The Marine Institute successfully bid for PANACHE, an EU INTERREG Priority 4 Objective 2 project with a global budget of €4.8 million. The aim of PANACHE was to develop a stronger and more coherent approach to the management, monitoring and involvement of stakeholders for Marine Protected Areas (MPAs) in the Channel. There are significant efforts taking place in England and France to utilise MPAs to meet European and International biodiversity protection obligations; this project provided a mechanism to ensure that approaches being taken on both sides of the Channel are more coherent and effective. The project brought together 14 partners with technical, stakeholder engagement and management expertise and was led by the French MPA Agency.

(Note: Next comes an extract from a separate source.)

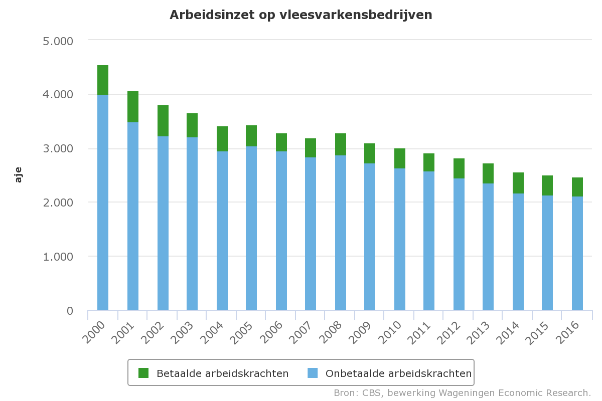 De inzet vanuit het gezin daalde in 2017 met 2,3% tot 84.600 aje, en van buiten het gezin bleef die met 66.200 aje vrijwel gelijk. Dit is een voortzetting van de langjarige trend, waarbij het aandeel van de gezinsarbeid daalt (tussen 2000 en 2017 van 66% naar 56%, zie tabel), en die van arbeid van buiten het gezin toeneemt. Dat geldt overigens alleen voor het volume van de niet-regelmatige arbeid, waarvan het aandeel op het totaal arbeidsvolume is toegenomen van 7% in 2000 tot 20% in 2017. Het aandeel van het arbeidsvolume van personeel met een vast contract is al die tijd vrij stabiel gebleven rond een kwart.

​This project closely aligned with VALMER and together both projects focused on improved management, sustainable use and protection of the Channel marine area. PANACHE aimed to enable a common approach to the way that MPAs are managed, monitored, and also looked at MPAs on a regional scale to evaluate whether the current and proposed network of areas meets ecological coherence criteria. It jointly developed a programme of stakeholder awareness and citizen science across the Channel area that aimed to increase awareness of MPAs amongst key community and stakeholder groups. In delivering these objectives, the project sought to build much closer co-operation between English and French government agencies, scientific institutions, private enterprises and voluntary organisations.
Two key PANACHE work packages were led by staff from the Marine Institute. Dr Emma Jackson developed a methodology to enable the existing MPA network to be assessed for its ecological coherence criteria established in science and international convention. Dr Sian Rees, Dr Emma Sheehan and Dr Lynda Rodwell built upon their experience of the ecological and socio-economic monitoring of Marine Protected Areas in the UK to work towards developing a transferable approach to monitoring MPAs in the Channel area.
Professor Martin Attrill, Director of the Marine Institute stated that,
“Involvement in the PANACHE project will build on the expertise of the MI research staff in the planning and management of MPAs, enable European collaboration and raise our profile as leaders in the development of methodologies for MPA monitoring and assessing ecological coherence.”